● Problem
The line with "爆款穿戴甲冰透梦幻蓝色法式猫眼动感手工假指甲穿戴美甲成品甲片" through the last line of the entries: give these again exactly, and only these, without any pictures.
##### Listed records #####
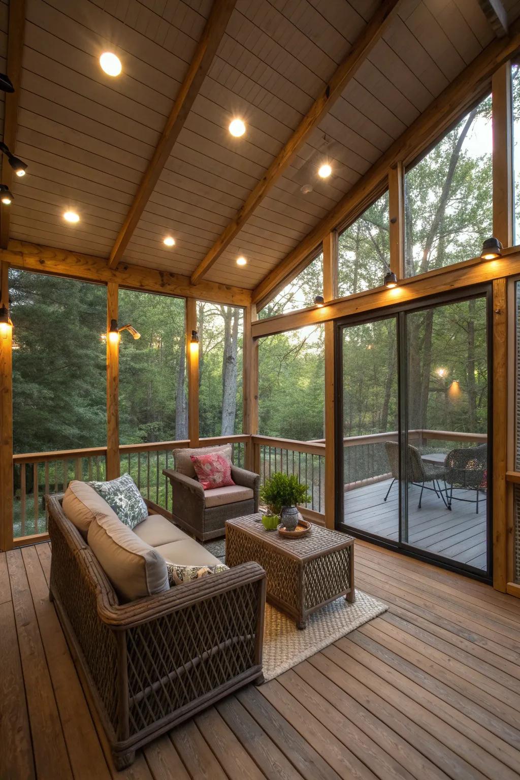 Consider using sustainable materials and energy-efficient lighting. Not only is it good for the planet, but it also adds a modern, responsible touch to your porch design.
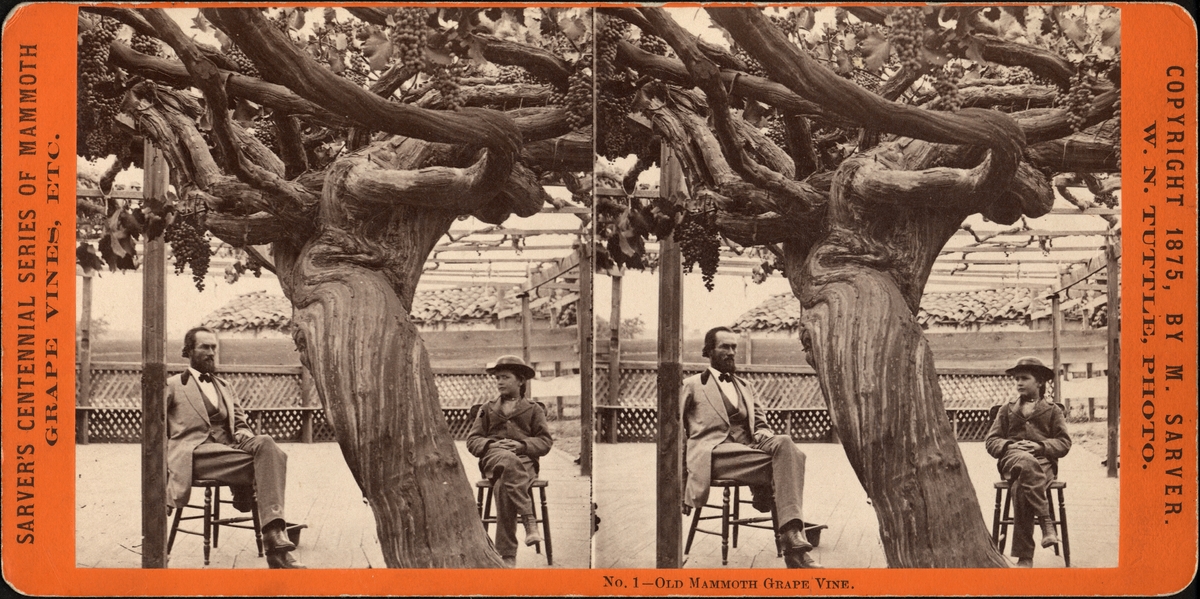Stereobild av man och pojke sittande under gammal vinranka.
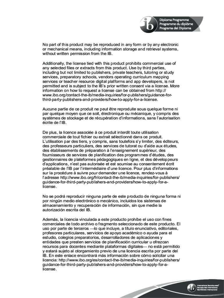 No part of this product may be reproduced in any form or by any electronic or mechanical means, including information storage and retrieval systems, without written permission from the IB. Additionally,
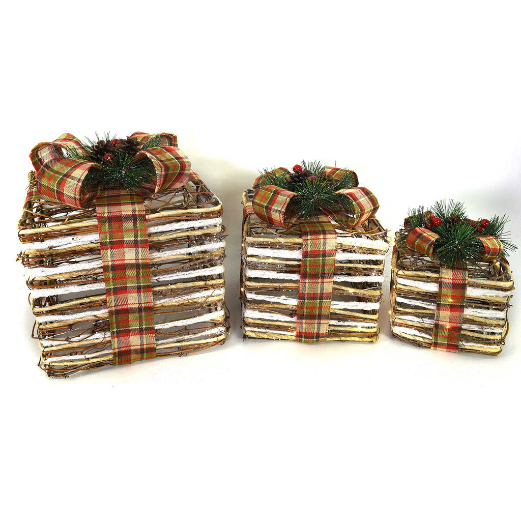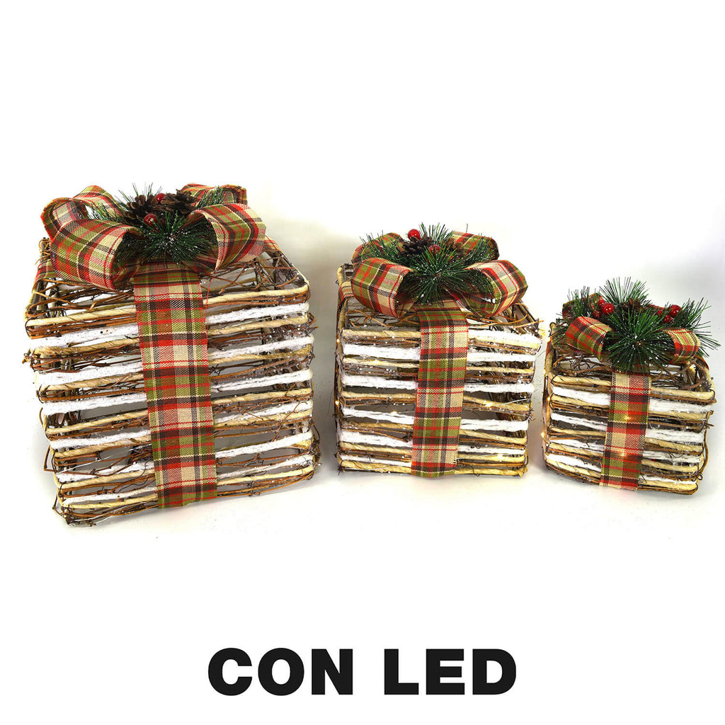 Set 3 Pacchi Regalo Decorativi con Led naturale
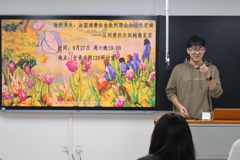 (通讯员 潘乐存 陈雨霏 陈炜轩)9月27日晚,世承书院“拾晞文谈”主题读书分享会第一期活动于书院128研讨室顺利举行。此次活动由2022级哲学基地班潘乐存主讲“物的消失:法国消费社会批判理论的隐性逻辑——从列斐伏尔到鲍德里亚”。
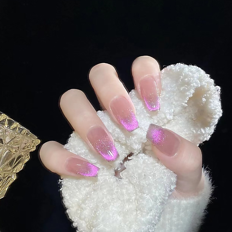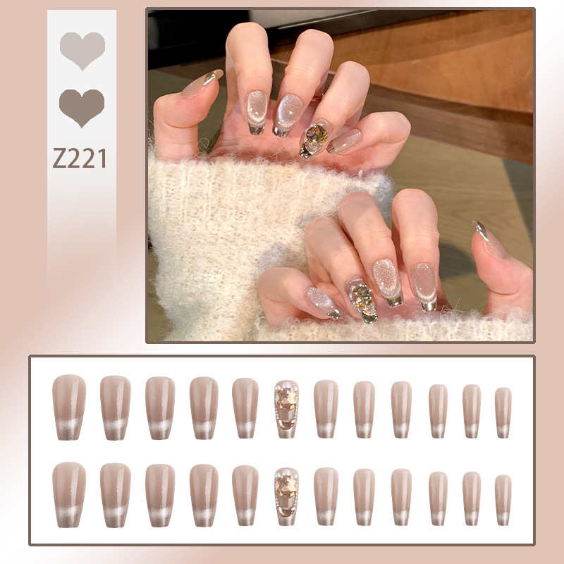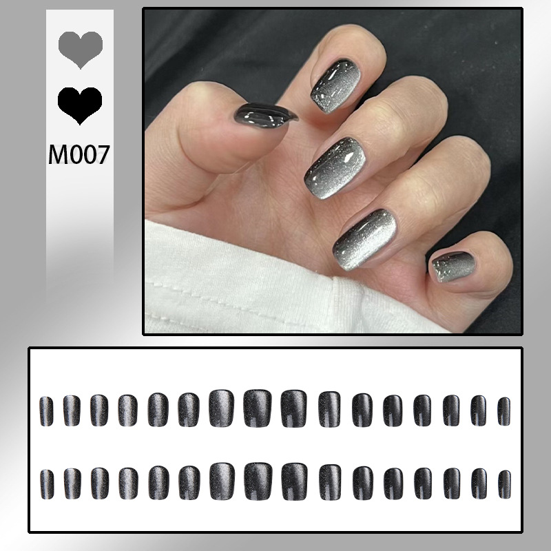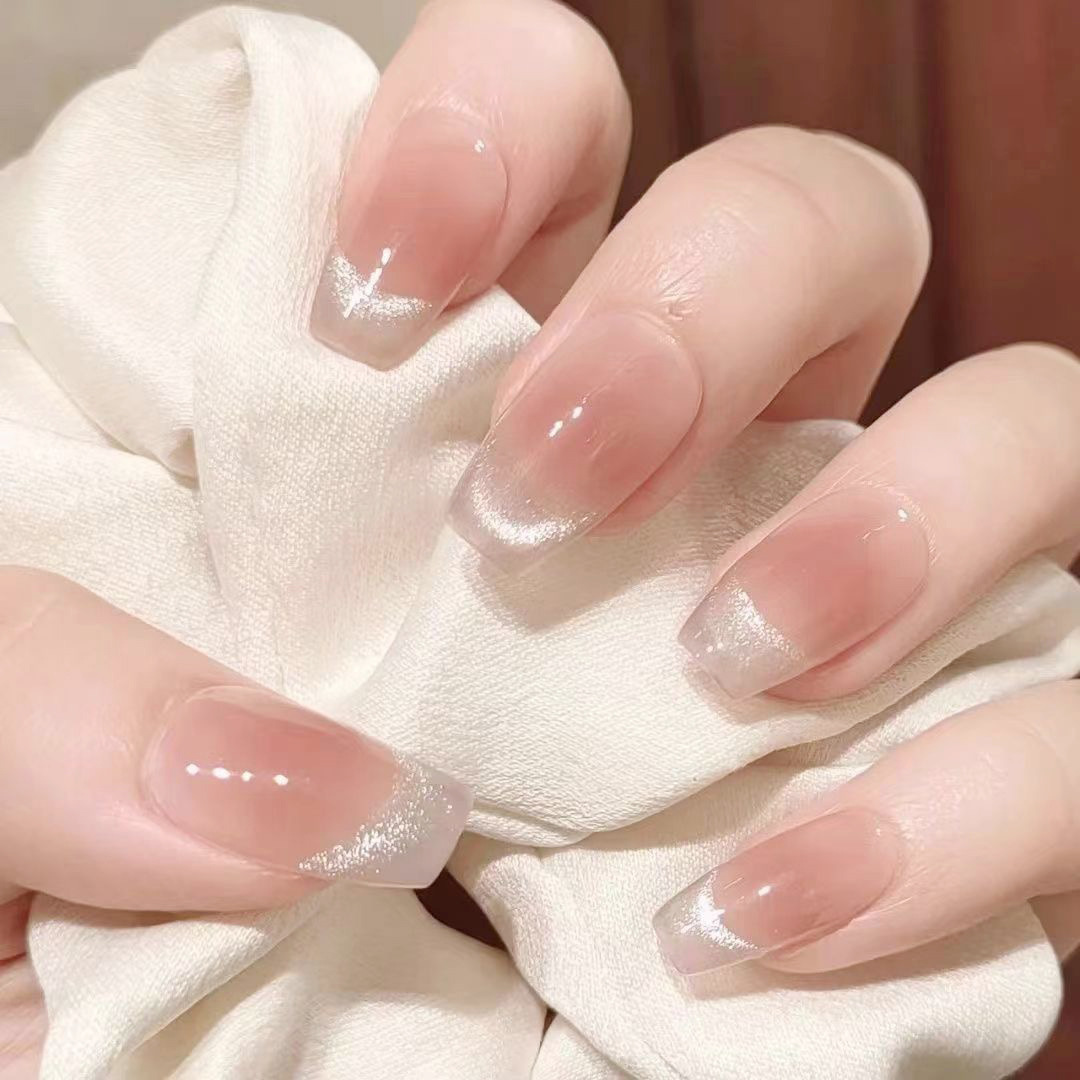 爆款穿戴甲冰透梦幻蓝色法式猫眼动感手工假指甲穿戴美甲成品甲片
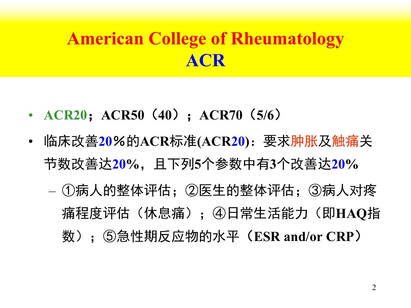 类风湿关节炎(RA)活动指标及疗效判断包括ACR20、ACR50(40)、ACR70(56)标准要求肿胀及触痛关节数改善达一定比例且病人整体评估、医生整体评估、病人疼痛程度评估、日常生活能力(HAQ指数)、急性期反应物水平等5个参数中有3个改善达20。HAQ评分包括8个大项20个问题总分03分。DAS28评估28个关节的肿胀和触痛是欧洲抗风湿联盟制定的改良疾病活动性标准。Sharp评分用于评估关节侵蚀和间隙狭窄。强直性脊柱炎(AS)活动指标包括VAS评分、AS核心指标(ASAS20)、BASDAI、BASMI、BASRI等。BASDAI评估AS活动度BASMI评估骨骼肌肉系统活动度BASRI对颈椎、腰椎、骶髂关节和髋关节分别评价。AS临床分期根据CRP、ESR和BASDAI等指标可分为相对静止期和活动期按功能评分BASFI、BASDAI、BASRI等可分为轻度、中度和重度国内习惯按病程分为早期、中期和晚期。
#####
● Written solution
 爆款穿戴甲冰透梦幻蓝色法式猫眼动感手工假指甲穿戴美甲成品甲片
 类风湿关节炎(RA)活动指标及疗效判断包括ACR20、ACR50(40)、ACR70(56)标准要求肿胀及触痛关节数改善达一定比例且病人整体评估、医生整体评估、病人疼痛程度评估、日常生活能力(HAQ指数)、急性期反应物水平等5个参数中有3个改善达20。HAQ评分包括8个大项20个问题总分03分。DAS28评估28个关节的肿胀和触痛是欧洲抗风湿联盟制定的改良疾病活动性标准。Sharp评分用于评估关节侵蚀和间隙狭窄。强直性脊柱炎(AS)活动指标包括VAS评分、AS核心指标(ASAS20)、BASDAI、BASMI、BASRI等。BASDAI评估AS活动度BASMI评估骨骼肌肉系统活动度BASRI对颈椎、腰椎、骶髂关节和髋关节分别评价。AS临床分期根据CRP、ESR和BASDAI等指标可分为相对静止期和活动期按功能评分BASFI、BASDAI、BASRI等可分为轻度、中度和重度国内习惯按病程分为早期、中期和晚期。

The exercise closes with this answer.